# WHAT THIS TASK INVOLVES
Return the line that has "dydis, išreiškiamas EDV." and all lines below it through the last, exactly as they stand; omit pictures.

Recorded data
╭──

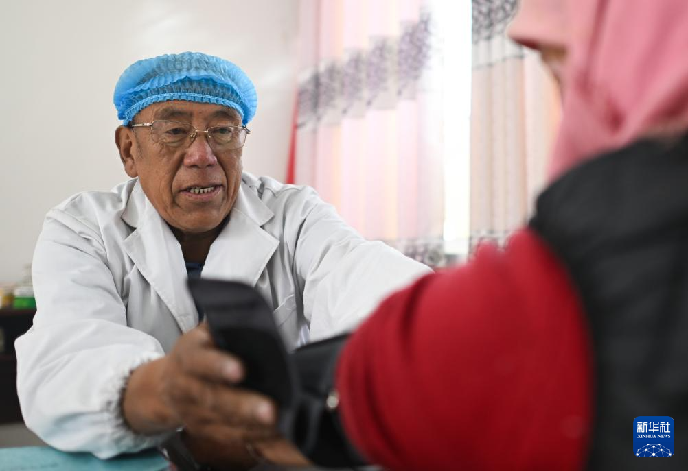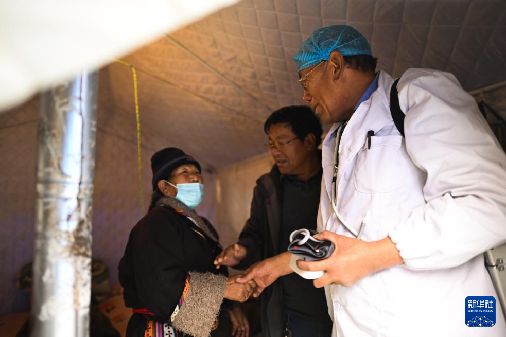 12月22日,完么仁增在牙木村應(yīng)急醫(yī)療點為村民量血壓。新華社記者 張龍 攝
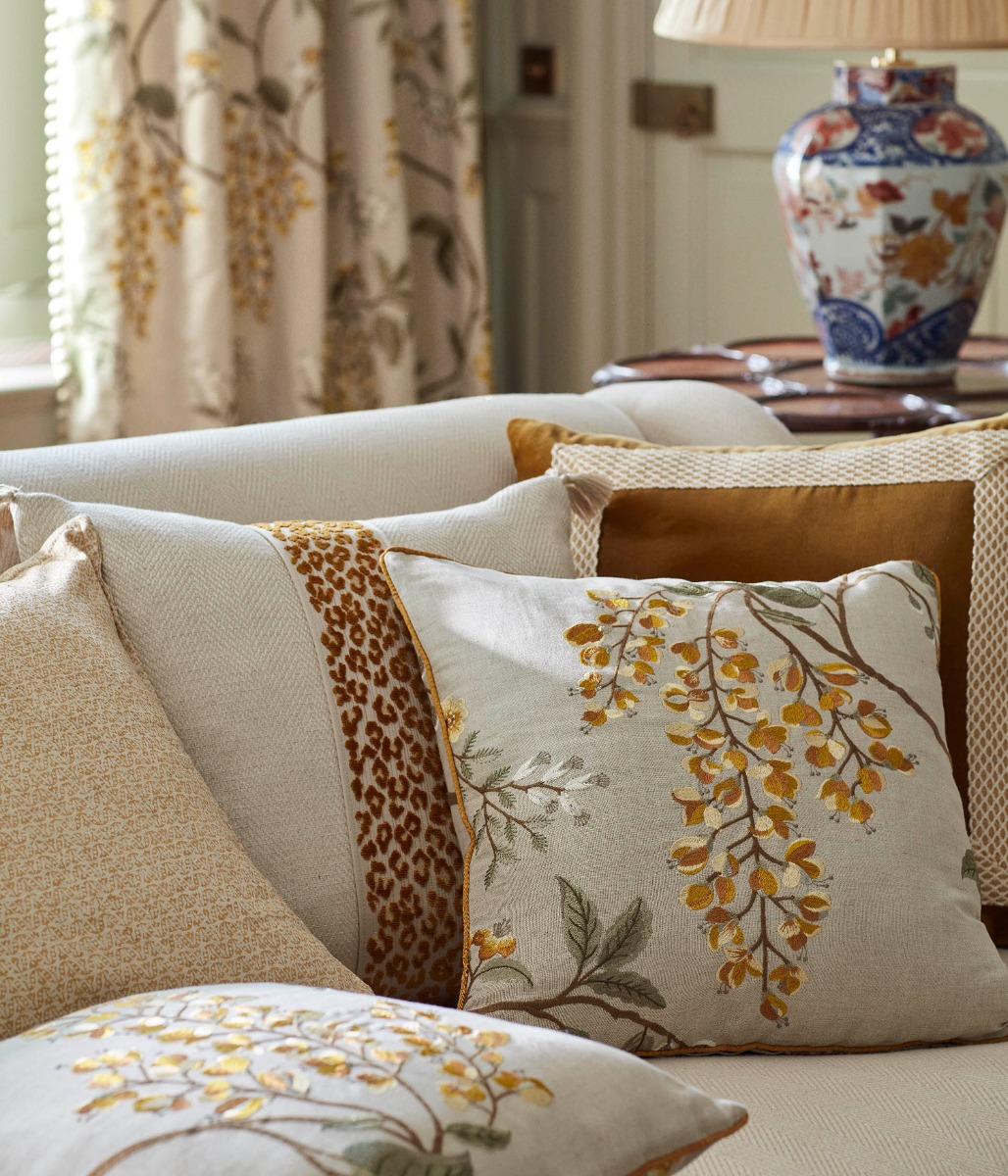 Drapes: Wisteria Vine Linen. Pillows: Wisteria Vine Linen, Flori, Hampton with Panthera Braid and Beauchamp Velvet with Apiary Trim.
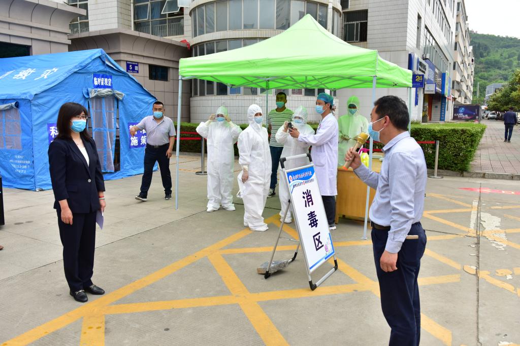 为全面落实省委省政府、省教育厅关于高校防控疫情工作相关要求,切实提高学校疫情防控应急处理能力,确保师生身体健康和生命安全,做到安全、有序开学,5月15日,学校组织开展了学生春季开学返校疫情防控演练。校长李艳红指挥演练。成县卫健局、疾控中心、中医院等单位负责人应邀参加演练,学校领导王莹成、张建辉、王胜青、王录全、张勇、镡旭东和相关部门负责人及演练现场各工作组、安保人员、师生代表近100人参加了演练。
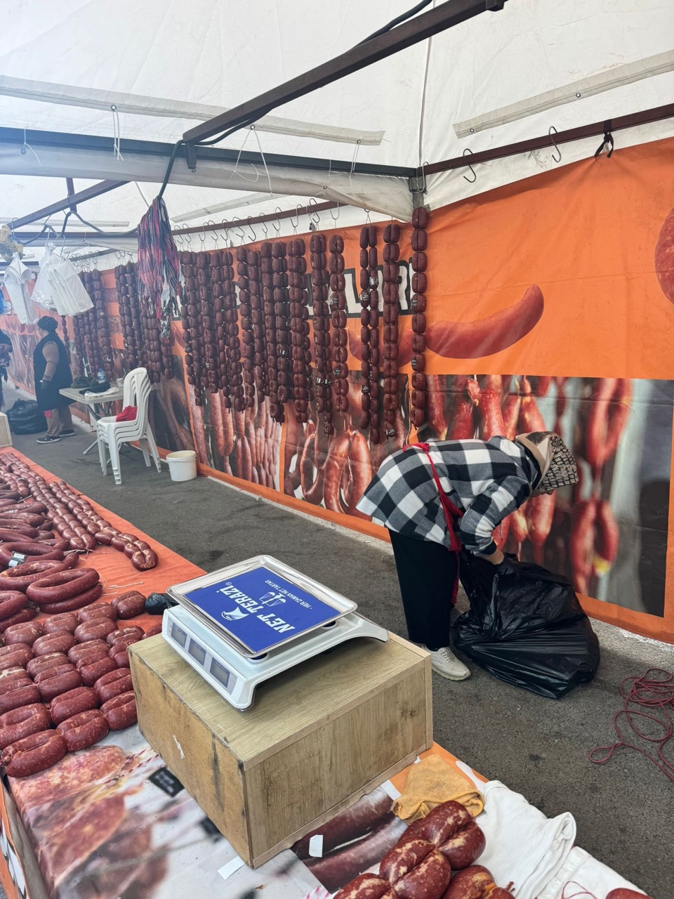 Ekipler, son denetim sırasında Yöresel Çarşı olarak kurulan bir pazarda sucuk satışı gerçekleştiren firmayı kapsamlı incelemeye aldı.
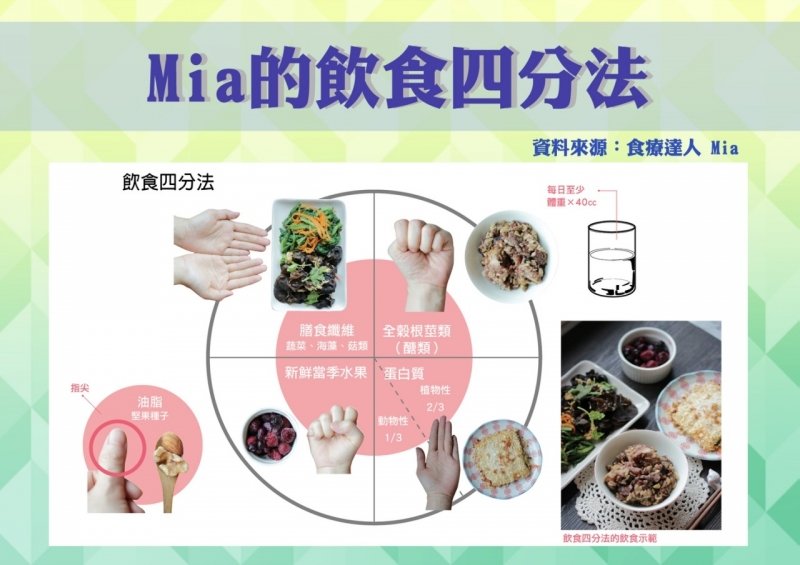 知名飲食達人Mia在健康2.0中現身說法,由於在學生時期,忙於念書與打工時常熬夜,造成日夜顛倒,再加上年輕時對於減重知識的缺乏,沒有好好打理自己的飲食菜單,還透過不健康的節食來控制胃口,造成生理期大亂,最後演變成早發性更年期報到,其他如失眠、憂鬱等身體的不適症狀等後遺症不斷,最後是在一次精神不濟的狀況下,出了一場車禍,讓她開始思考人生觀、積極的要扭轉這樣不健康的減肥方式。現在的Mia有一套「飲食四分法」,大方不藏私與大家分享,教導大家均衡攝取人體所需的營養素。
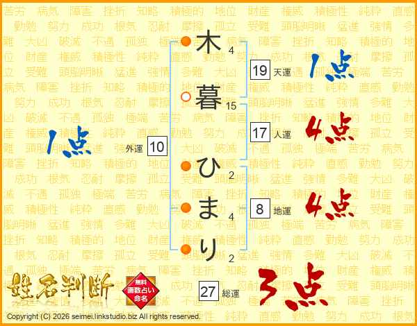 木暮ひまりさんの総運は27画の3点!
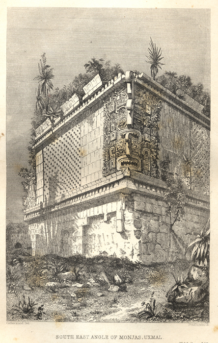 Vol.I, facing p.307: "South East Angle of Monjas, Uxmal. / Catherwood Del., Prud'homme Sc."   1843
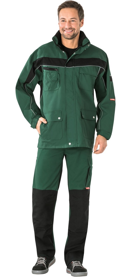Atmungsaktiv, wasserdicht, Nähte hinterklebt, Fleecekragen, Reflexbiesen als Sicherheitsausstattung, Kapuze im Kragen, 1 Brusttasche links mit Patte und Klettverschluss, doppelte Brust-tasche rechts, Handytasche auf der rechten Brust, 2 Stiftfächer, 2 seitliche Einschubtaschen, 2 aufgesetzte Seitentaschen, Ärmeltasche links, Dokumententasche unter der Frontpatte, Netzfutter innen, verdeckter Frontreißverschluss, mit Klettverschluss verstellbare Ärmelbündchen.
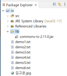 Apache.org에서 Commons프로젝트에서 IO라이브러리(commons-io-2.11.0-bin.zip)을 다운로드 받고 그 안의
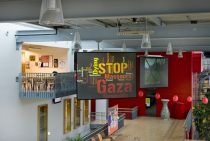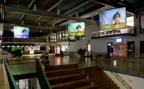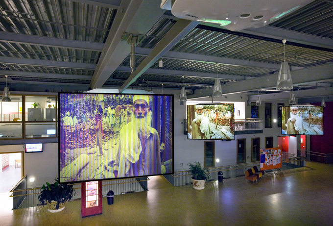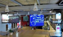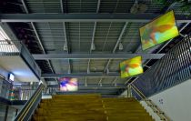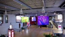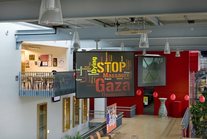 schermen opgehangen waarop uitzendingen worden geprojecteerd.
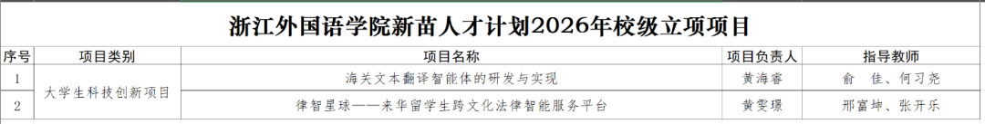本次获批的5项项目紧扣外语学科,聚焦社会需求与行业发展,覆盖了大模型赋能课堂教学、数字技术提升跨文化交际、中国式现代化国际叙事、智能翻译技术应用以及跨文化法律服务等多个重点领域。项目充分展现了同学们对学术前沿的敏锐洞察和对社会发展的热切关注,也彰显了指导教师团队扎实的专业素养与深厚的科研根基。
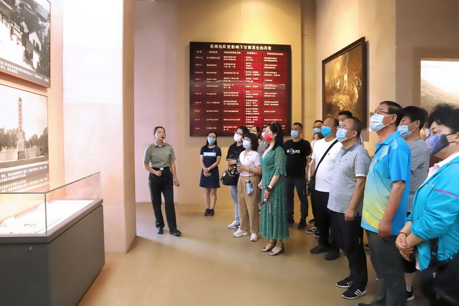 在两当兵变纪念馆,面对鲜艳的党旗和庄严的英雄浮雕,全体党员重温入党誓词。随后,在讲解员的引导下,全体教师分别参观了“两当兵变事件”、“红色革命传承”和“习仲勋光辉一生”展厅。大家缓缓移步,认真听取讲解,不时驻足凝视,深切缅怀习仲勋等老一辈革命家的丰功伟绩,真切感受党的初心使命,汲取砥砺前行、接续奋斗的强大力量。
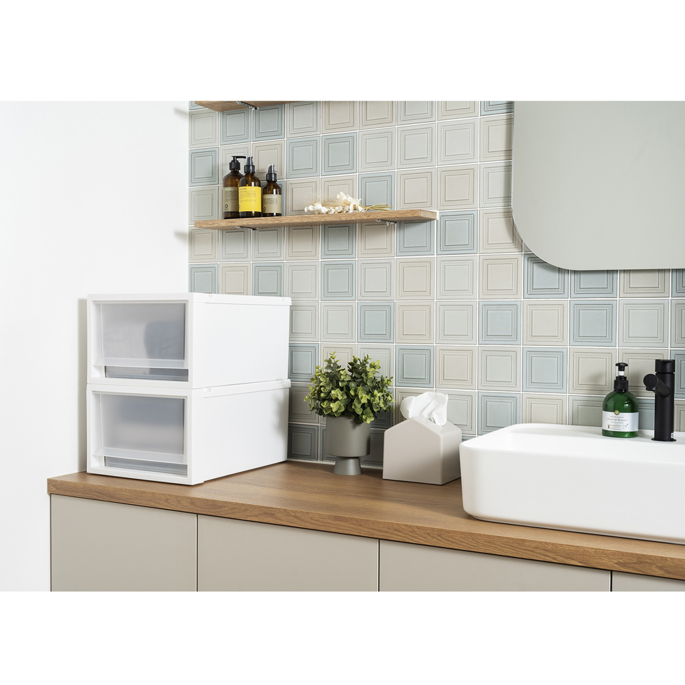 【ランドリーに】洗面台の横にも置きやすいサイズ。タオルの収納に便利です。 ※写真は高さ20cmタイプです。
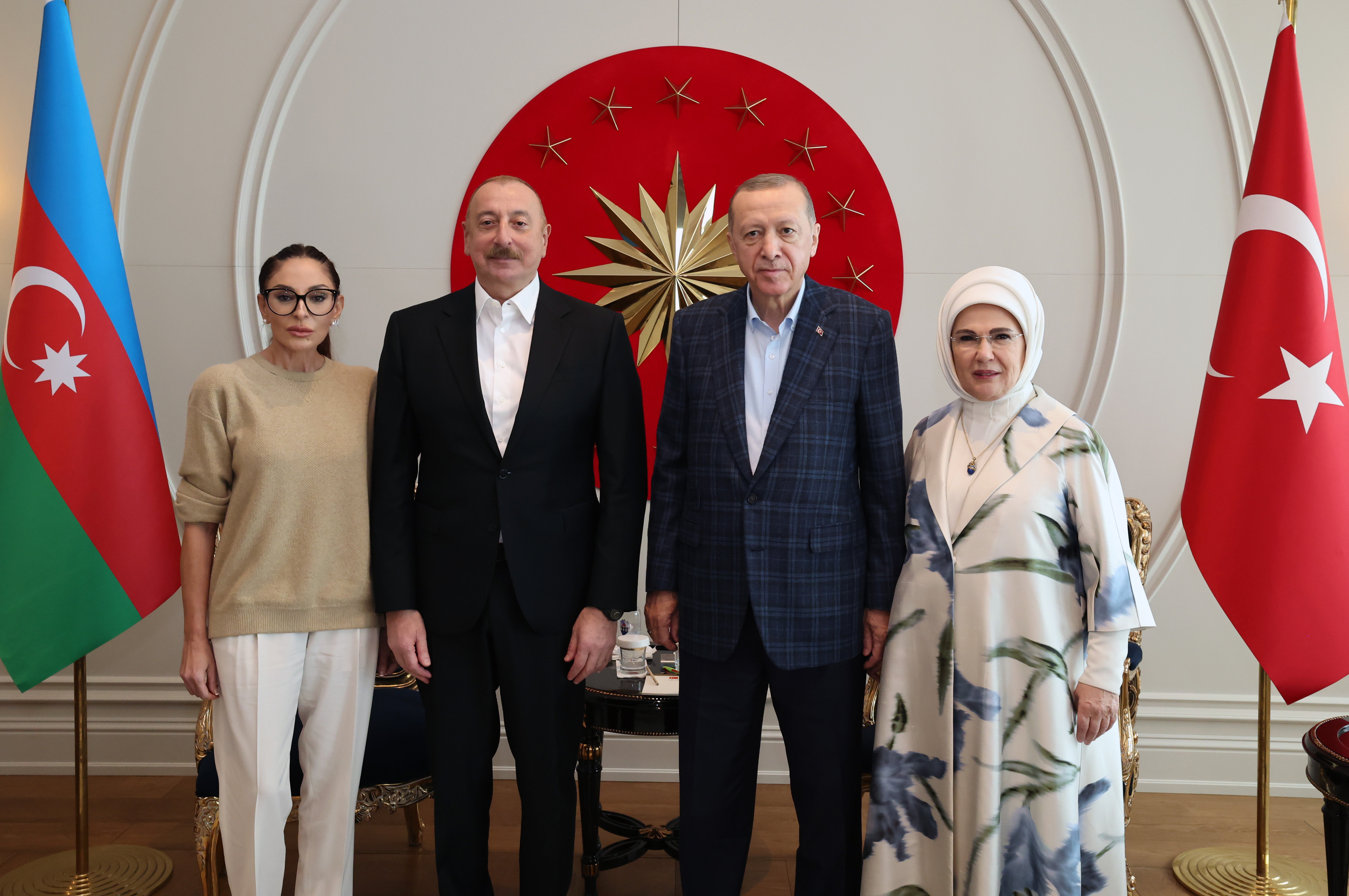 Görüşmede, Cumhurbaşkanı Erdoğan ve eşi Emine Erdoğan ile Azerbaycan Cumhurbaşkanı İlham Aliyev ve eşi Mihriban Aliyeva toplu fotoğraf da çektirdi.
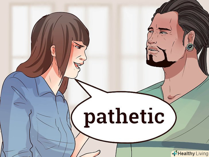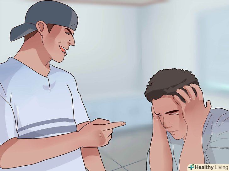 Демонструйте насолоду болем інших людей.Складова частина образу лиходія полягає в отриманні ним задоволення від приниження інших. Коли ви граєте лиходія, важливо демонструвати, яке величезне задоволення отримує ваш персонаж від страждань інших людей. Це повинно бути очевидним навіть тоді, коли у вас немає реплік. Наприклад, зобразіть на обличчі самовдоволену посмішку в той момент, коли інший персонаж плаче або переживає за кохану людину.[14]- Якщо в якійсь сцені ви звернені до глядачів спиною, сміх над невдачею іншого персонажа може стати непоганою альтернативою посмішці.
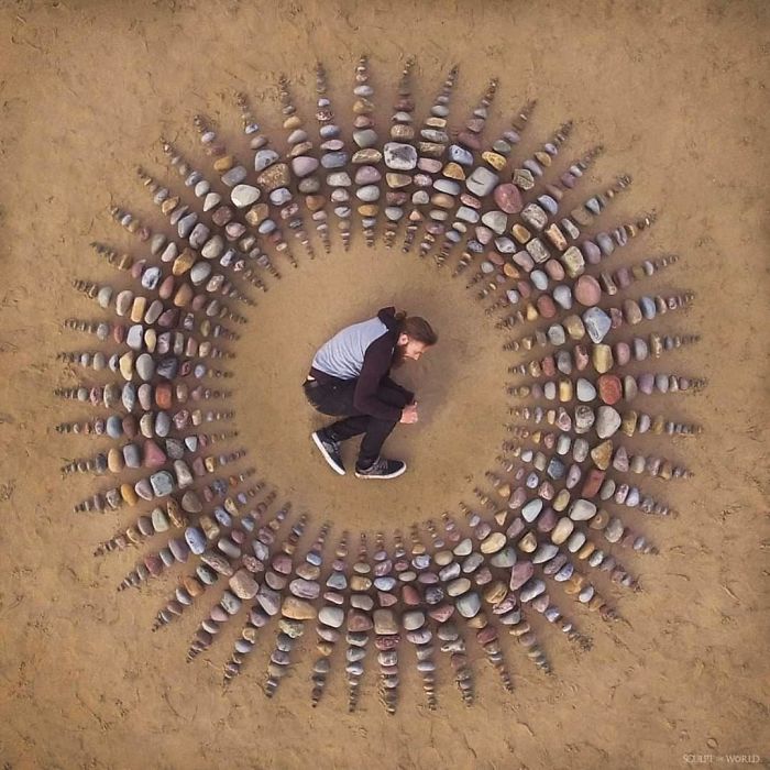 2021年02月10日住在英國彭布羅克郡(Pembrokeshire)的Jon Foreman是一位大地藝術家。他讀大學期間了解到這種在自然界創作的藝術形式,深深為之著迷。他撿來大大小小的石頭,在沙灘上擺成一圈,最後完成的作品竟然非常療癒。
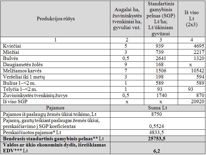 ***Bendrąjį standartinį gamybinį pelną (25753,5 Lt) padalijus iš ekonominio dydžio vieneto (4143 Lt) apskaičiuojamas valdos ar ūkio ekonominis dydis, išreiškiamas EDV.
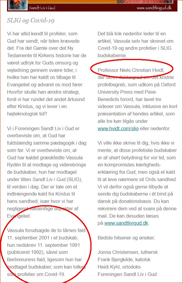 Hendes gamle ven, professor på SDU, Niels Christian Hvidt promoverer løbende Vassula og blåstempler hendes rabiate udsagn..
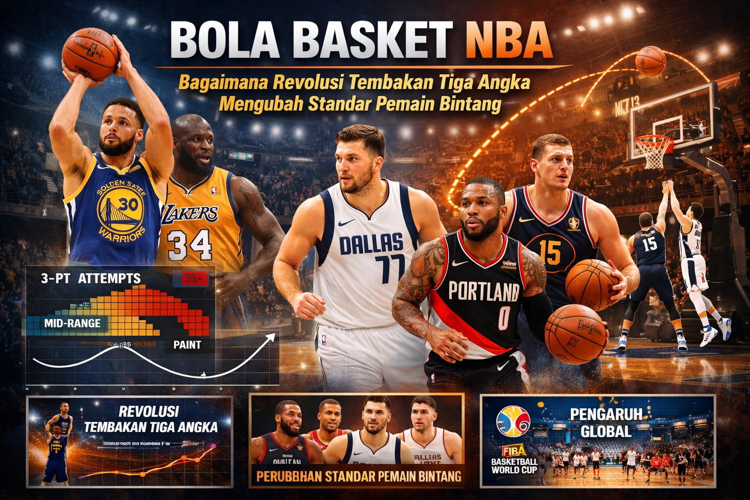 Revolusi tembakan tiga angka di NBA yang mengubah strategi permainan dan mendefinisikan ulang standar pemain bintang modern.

╰──

# RESPONSE BOX
 ***Bendrąjį standartinį gamybinį pelną (25753,5 Lt) padalijus iš ekonominio dydžio vieneto (4143 Lt) apskaičiuojamas valdos ar ūkio ekonominis dydis, išreiškiamas EDV.
 Hendes gamle ven, professor på SDU, Niels Christian Hvidt promoverer løbende Vassula og blåstempler hendes rabiate udsagn..
 Revolusi tembakan tiga angka di NBA yang mengubah strategi permainan dan mendefinisikan ulang standar pemain bintang modern.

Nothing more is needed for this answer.